A concept in psychology is helping AI to better navigate our world

The concept: When we look at a chair, regardless of its shape and color, we know that we can sit on it. When a fish is in water, regardless of its location, it knows that it can swim. This is known as the theory of affordance, a term coined by psychologist James J. Gibson. It states that when intelligent beings look at the world they perceive not simply objects and their relationships but also their possibilities. In other words, the chair “affords” the possibility of sitting. The water “affords” the possibility of swimming.
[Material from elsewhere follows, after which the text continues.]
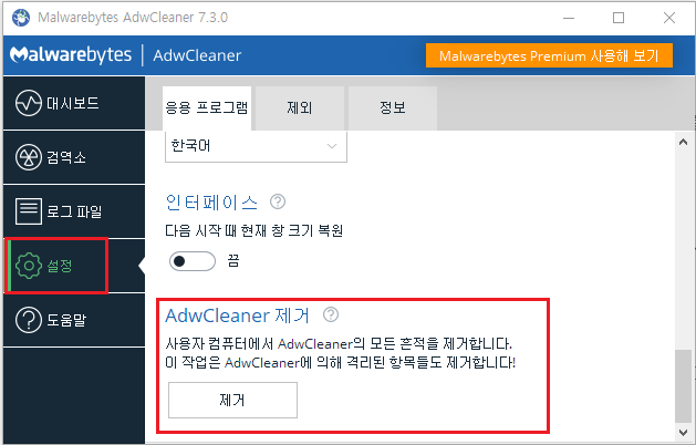 설정 탭의 맨 아래에 보면 AdwCleaner를 흔적도 없이 제거하기 옵션도 있음도 참고하시고요.
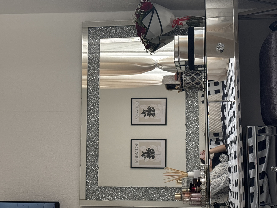 This image depicts an interior room in an unspecified location within the city of Duisburg, Germany. A large rectangular vanity mirror with a frame adorned with a silver-colored crushed glass or glitter effect dominates the center. The mirror reflects a light-colored wall with two framed botanical prints, each displaying a dark green leafy plant illustration and the reversed text "BOTANICAL." Directly in front of and beneath the mirror is a mirrored vanity table. On its surface, from left to right, are: multiple perfume bottles on a decorative mirrored tray, a reed diffuser with wooden reeds, a cylindrical holder containing various makeup brushes, two silver-colored rectangular boxes, and a glass vase holding a bouquet of red roses and white baby's breath, wrapped in white and black paper with a red ribbon. The mirror's reflection also reveals a person lying on a bed behind the viewer. The bed is covered with a black and white patterned duvet, and a leopard-print pillow is visible. The person's arm and hand, holding what appears to be a remote control or phone, are reflected. Further reflections show light-colored (likely beige or cream) curtains tied back from a window, and a section of a wall-mounted television screen is visible in the upper left portion of the image, above the mirror. A dark upholstered stool is partially visible in the foreground beneath the vanity table. The room's walls are a plain, light color.

The theory could explain in part why animal intelligence is so generalizable—we often immediately know how to engage with new objects because we recognize their affordances.
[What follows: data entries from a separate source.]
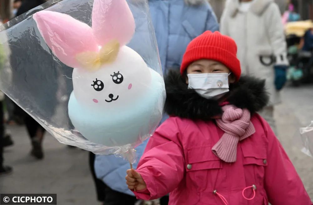 ↑2023年1月26日,在河北省邯郸市回车巷历史文化街区,一名小朋友展示“兔子”棉花糖。CICPHOTO/郝群英 摄
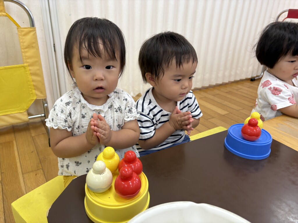 「何歳になりましたか?」と保育者に聞かれると指で2を示そうと頑張るRちゃん😊
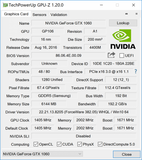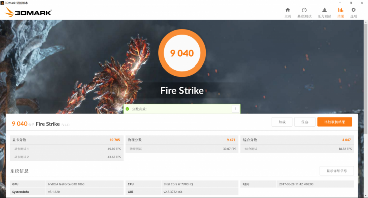 F117-S搭载了基于帕斯卡架构的GTX1060显卡,拥有1280个CUDA核心,8GB的GDDR5显存,核心最高频率高达1671MHz。我们使用权威3D性能测试软件3DMark进行测试。
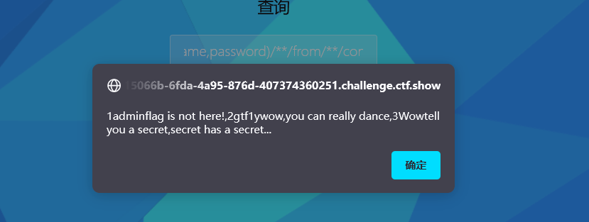 1 -1 /**/u nion/**/ select/**/ 1 ,(select/**/ flag/**/ from/**/ flag),3
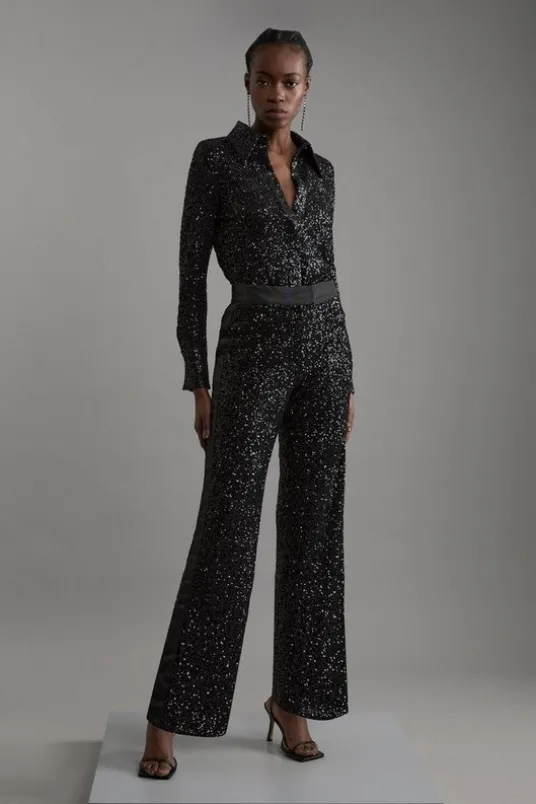 Get party season ready in a pair of dazzling sequin trousers, featuring a flattering, relaxed fit, sparkling, sequin fabric, and a comfortable high waistline. Style with anything, from a crisp button up shirt for a formal look, or with a T-shirt and trainers for a more laid back approach.Petite Sequin High Waisted Straight Leg TrousersHigh Quality Sequin FabricComfortable High WaistlineFlattering Straight Leg FitContrasting Waistband and PanelingDetails & CareMain: 96% polyester, 4% elastane. Model wears UK8. Length approx: 100cm

The idea: Researchers at DeepMind are now using this concept to develop a new approach to reinforcement learning. In typical reinforcement learning, an agent learns through trial and error, beginning with the assumption that any action is possible. A robot learning to move from point A to point B, for example, will assume that it can move through walls or furniture until repeated failures tell it otherwise. The idea is if the robot were instead first taught its environment’s affordances, it would immediately eliminate a significant fraction of the failed trials it would have to perform. This would make its learning process more efficient and help it generalize across different environments.
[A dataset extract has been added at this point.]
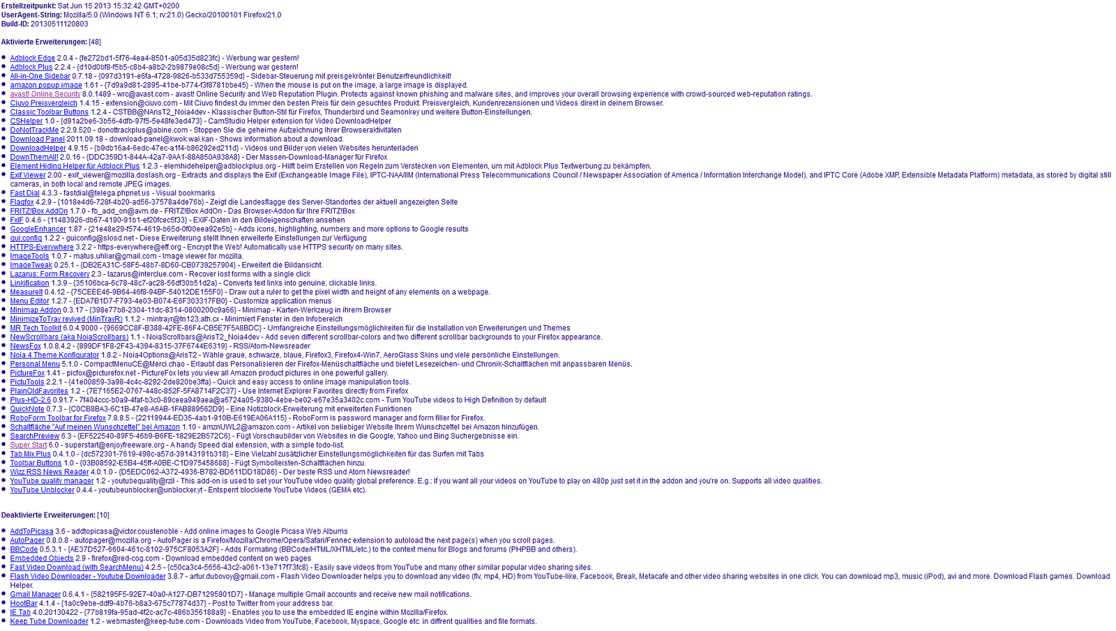 jetzt sehe ich ganz klar (insofern,daß ich alles deaktivierte) Also liegt es am Programm. Werde es mal neu drüberinstallieren,vielleicht ... Nur ist es seltsam,daß ein Start mit deaktivierten Addons nur einmal normal gestartet wird. Man darf wirklich nicht alles glauben hähähä. Also Einstellungen, aber, da ist alles plausibel aktiviert

The experiments: The researchers set up a simple virtual scenario. They placed a virtual agent in a 2D environment with a wall down the middle and had the agent explore its range of motion until it had learned what the environment would allow it to do—its affordances. The researchers then gave the agent a set of simple objectives to achieve through reinforcement learning, such as moving a certain amount to the right or to the left. They found that, compared with an agent that hadn’t learned the affordances, it avoided any moves that would cause it to get blocked by the wall partway through its motion, setting it up to achieve its goal more efficiently.

Why it matters: The work is still in its early stages, so the researchers used only a simple environment and primitive objectives. But their hope is that their initial experiments will help lay a theoretical foundation for scaling the idea up to much more complex actions. In the future, they see this approach allowing a robot to quickly assess whether it can, say, pour liquid into a cup. Having developed a general understanding of which objects afford the possibility of holding liquid and which do not, it won’t have to repeatedly miss the cup and pour liquid all over the table to learn how to achieve its objective.